The bear moved one huge shoulder in what looked like a shrug and got to its feet. The wolf yipped what might have been a laugh, and the eagle gave me one last penetrating glance, then took off into the air, spreading wings that looked as soft as eiderdown, as strong as ocean waves.
“Hang on, Sik,” the rat girl said. “I’m going to shift.” She took off the headband her costume rat ears were attached to and put it in my hand. I stared down at it, not understanding. “Just tell them he shot the gun, pointed it at you, then got scared, tossed the gun away, and ran off yelling like a crazy person. It’s basically the truth.”
She grinned, showing all of her small, sharp upper and lower teeth. “You can have my costume if you want. We’re about the same size. You could wear it next year. My gift to you.”
The air around her seemed to bend, the way it does on hot days in the desert. The thick material of her costume fell to the ground. She was gone.
A brown rat as big as a cat scuttled out from under the costume and leaped onto the bear’s back, running up to sit on its flat head like a figurehead on a ship. The rat girl’s beady eyes gleamed up at me. She plucked out one of her own long white whiskers and held it out to me, chittering what sounded somehow like farewell.
“Bye,” I said, automatically taking the whisker from her outstretched paw.
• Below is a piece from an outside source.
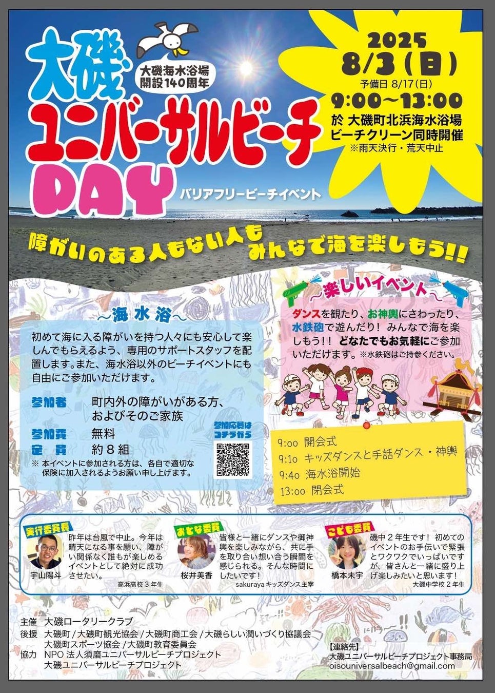 協 力:NPO法人須磨ユニバーサルビーチプロジェクト、大磯ユニバーサルビーチプロジェクト、大磯神輿連合會

Then couldn’t believe I’d said it.
The bear with the rat on its head lumbered down the porch steps, headed over to the wooded side yard, and vanished into the darkness. The wolf’s toenails clicked on the wooden steps as it followed. I stood watching as it neared the shadows of the trees. It stopped in a shaft of moonlight and turned one last time to look over its shoulder. The blue of its eyes blazed out at me, and I found my voice.
“Thank you,” I said. “Thank you.”
Then it was gone. I gathered up the rat’s abandoned costume and stumbled down the steps. My hands were trembling.
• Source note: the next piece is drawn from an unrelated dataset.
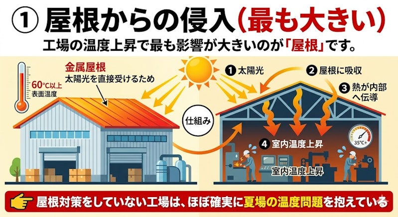 👉 屋根対策をしていない工場は、ほぼ確実に夏場の温度問題を抱えている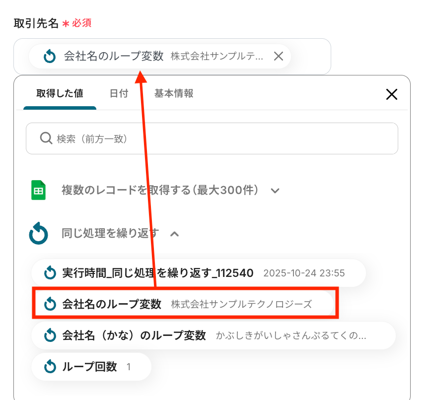 「取引先名」に取得した値から「会社名のループ変数」を設定します。

I don’t remember much about what I told the cops after that. Consuela’s mom called my Dad, and he made sure the cops had the man with the shotgun arrested.
They found the gun in the river a week later, and the man went to jail. No one ever trick or treated in that neighborhood again after all the parents heard about the crazy guy who’d threatened costumed kids with a gun. It’s kind of a shame. But I understand it.
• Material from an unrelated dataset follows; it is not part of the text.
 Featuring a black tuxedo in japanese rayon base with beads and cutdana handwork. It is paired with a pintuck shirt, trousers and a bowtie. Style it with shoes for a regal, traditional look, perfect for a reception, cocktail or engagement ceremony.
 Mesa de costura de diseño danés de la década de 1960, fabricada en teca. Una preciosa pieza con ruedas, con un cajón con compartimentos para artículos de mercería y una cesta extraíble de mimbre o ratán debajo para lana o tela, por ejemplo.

I never said anything about the animal teens we’d seen, the shifters. It just sounded too crazy. But Tawnia or Consuela must’ve said something to someone, because among the kids the story grew that if you trick or treated in the Old Fig Garden when the moon was full, you’d turn into whatever your costume was.
We saw a lot of kids dressed up as rock stars and ninjas for a few years after that, but nowhere near the Old Fig Garden. Tawnia and Consuela and I told each other it had been a trick of the light. It was those kids that had saved us, but they’d been kids in costumes the whole time. Not animals.
I knew better. The January after the Old Fig Garden incident, I found a story on the internet about a man in Burbank who claimed he saw a girl turn into a giant tiger as she ran down his street one rainy night. He even had a blurry phone camera shot of what looked like a huge tiger in an old oak tree near a school. But everyone knew the photo had been doctored. Everyone but me.
That last look from the wolf’s blue eyes had decided my fate. When I grew up, I became a wildlife biologist and moved to Idaho to study the endangered wolf packs there. Every now and then I’d hear a crazy story about someone in the area turning into a wolf. But when I tried to follow up, the locals stopped speaking to me. I decided to move to Alaska so I could study grizzlies and eagles too.
I’ve never told anyone what I really saw and heard that night. For years I wondered if maybe I was crazy.
The police took the rat’s costume away from me as evidence. I never saw it again. But five years later, when I was cleaning out my closet on the way to college, I found my old musketeer cloak, with the rat-ear headband bundled up inside. Beside it was a long white whisker.